Liquid solution in pere alcohol or alcohol+peg apparently taste like sh1t and not werth it purely for the taste,

I squirt my oral suspension in to fresh citric juice (orange, grapefruits etc) or coke at 100ml and tastes fine.

Next time I'll probably use 1:4 or 1:3 alcohol/glyercine??


----------



## [email protected] (Apr 14, 2013)

Liquid is much more accurate than capping and far cheaper than geting equipt for tablets.


----------



## FamBam209 (Jun 21, 2013)

Did same shit this mornin... Everclear into powder solution n almst instantly solution went clear then add the veg glycerin n distilld to thin it a lil and boom clear liquid lookn like a snow globe and shit is stuck all over the sides of bottle


----------



## [email protected] (Jun 21, 2013)

I used 180proof and got 100mg/ml to disolve after 5mins of stiring. 

But I wanted 50mg/ml suspension so added the glyercine.

Sounds like the 151proof is too low, you want 180-190proof no less.


----------



## [email protected] (Jun 21, 2013)

I make all my oral suspensions 50/50 180/glyercine so far iv made.

50mg dbol,
50mg win,
30mg cialis,
30mg nolv, (dissolves completely, clear)
30mg clomid, (dissolves completely, clear),
30mg aromasin.


----------



## FamBam209 (Jun 21, 2013)

When u added the glycerine it didnt turn into a snowglobe n stick to the bottle?? Hmm. Wtf then. Thats weird more on my end.. Whn i added the booze it went clear and i was like fuk ya then the glycerin and yup that did it


----------



## Nattydread (Jun 21, 2013)

Damn!

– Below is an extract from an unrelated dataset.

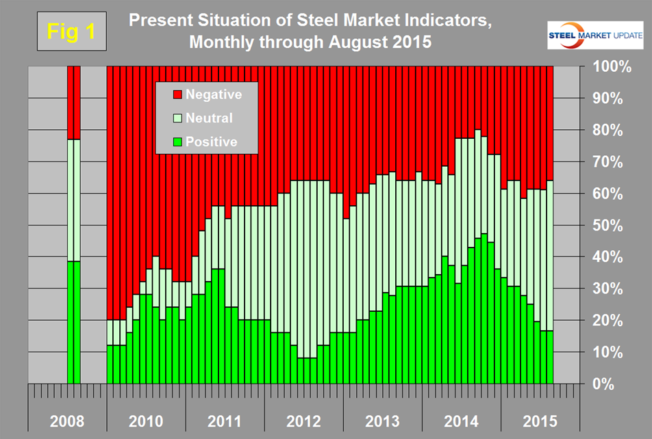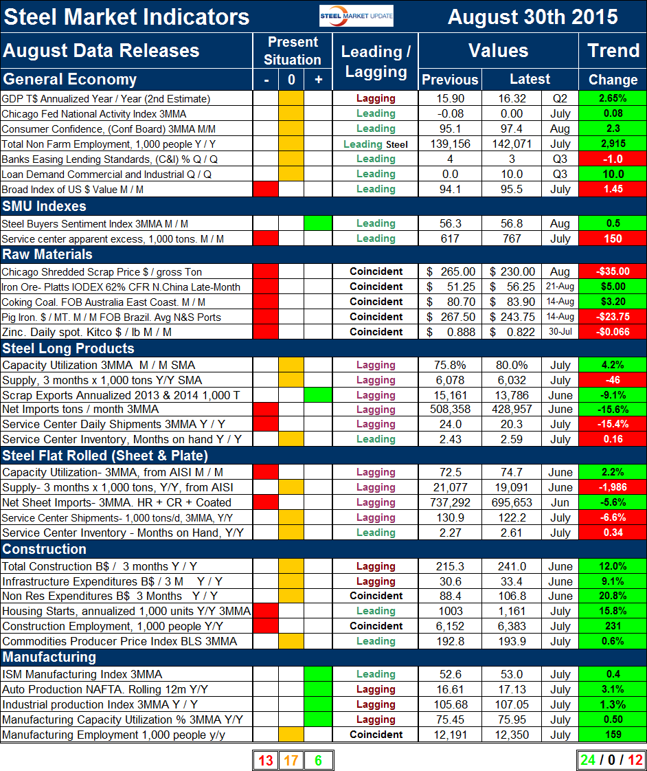 All five of the steel raw materials prices that we track here declined in July but in the August data, the Platts IODEX iron ore price delivered N. China and coking coal FOB Australia’s E. Coast both enjoyed small price increases. Last month we stated that, “We expect scrap prices to take another hit when the data is released by AMM in the next couple of weeks,” and this occurred with a $35 decrease in Chicago shredded. Based on our benchmark indicators we think scrap is still high. There were no trend reversals for the long product market indicators. Flat rolled had an increase of one in the positive category as net sheet imports declined, albeit from a very high level. The long products numbers are based on data from the SMA who get their data out faster than the AISI. There was no change in construction or manufacturing trends, all indicators were moving in the right direction.

You fellas make it sound so simple. Maybe one of these days I'll grow the balls to brew my own. Only thing I've ever made was tren with one of them kits for dummies.


----------



## [email protected] (Jun 21, 2013)

FamBam209 said:


> When u added the glycerine it didnt turn into a snowglobe n stick to the bottle?? Hmm. Wtf then. Thats weird more on my end.. Whn i added the booze it went clear and i was like fuk ya then the glycerin and yup that did it




No mine didn't, mine disolved in the alcohol clear then added the glycercine and it crashed, turned milky after a while, next time don't let it disolve because its going to crash with the glyercine anyway.

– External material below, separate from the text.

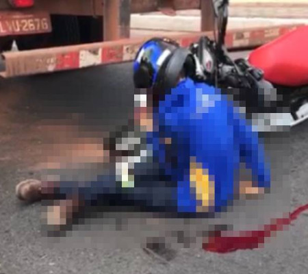 THE: Motociclista fratura pernas após colidir na traseira de caminhão
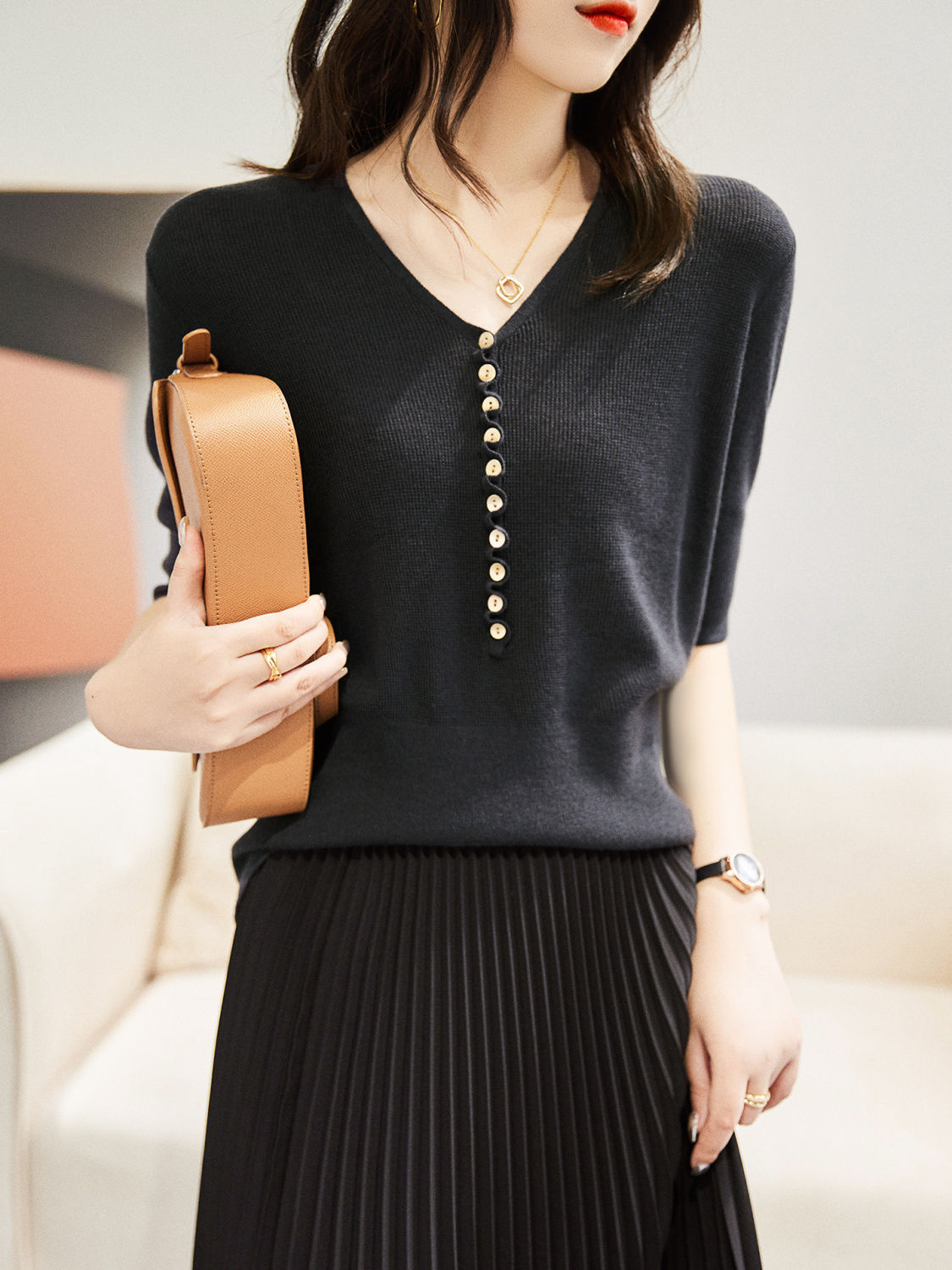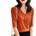 Camiseta de punto de manga tres cuartos holgada y moderna para mujer

Just add the alcohol then stir then straight in with the glyercine. It will settle at the bottom after a while that's why you need to shake it pre every use.


----------



## paak (Jun 22, 2013)

1 gram powder 
8.5ml PEG 400
10.5 ever clear
This has worked for me.


----------



## Simpllyhuge (Jun 22, 2013)

[email protected] said:


> Liquid is much more accurate than capping and far cheaper than geting equipt for tablets.



are you gentle man reffering to injectable liquids or just using liquid form for easy measuring?  In the past I used to put in olive oil and shake before each use, but not sure how accurate it was. 

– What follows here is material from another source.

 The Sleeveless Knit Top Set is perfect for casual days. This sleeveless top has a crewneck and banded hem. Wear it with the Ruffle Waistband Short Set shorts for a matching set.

I was hoping to brew some Var and Tbol. is injectable not work it, considering I dont mind slin pins? thanks


----------



## VanillaMandingo (Jun 22, 2013)

I have dbol powder in a shaker with nothing but water. It separates quickly. I shake it each time before use.


----------



## [email protected] (Jun 22, 2013)

Simpllyhuge said:


> are you gentle man reffering to injectable liquids or just using liquid form for easy measuring?  In the past I used to put in olive oil and shake before each use, but not sure how accurate it was.
> 
> 
> 
> I was hoping to brew some Var and Tbol. is injectable not work it, considering I dont mind slin pins? thanks




Both, as long as the raw is evenly distributed it will give a good acurate doseage, olive oil? I thoughrt that would have gone clumpy??


----------



## [email protected] (Jun 22, 2013)

Nattydread said:


> Damn! You fellas make it sound so simple. Maybe one of these days I'll grow the balls to brew my own. Only thing I've ever made was tren with one of them kits for dummies.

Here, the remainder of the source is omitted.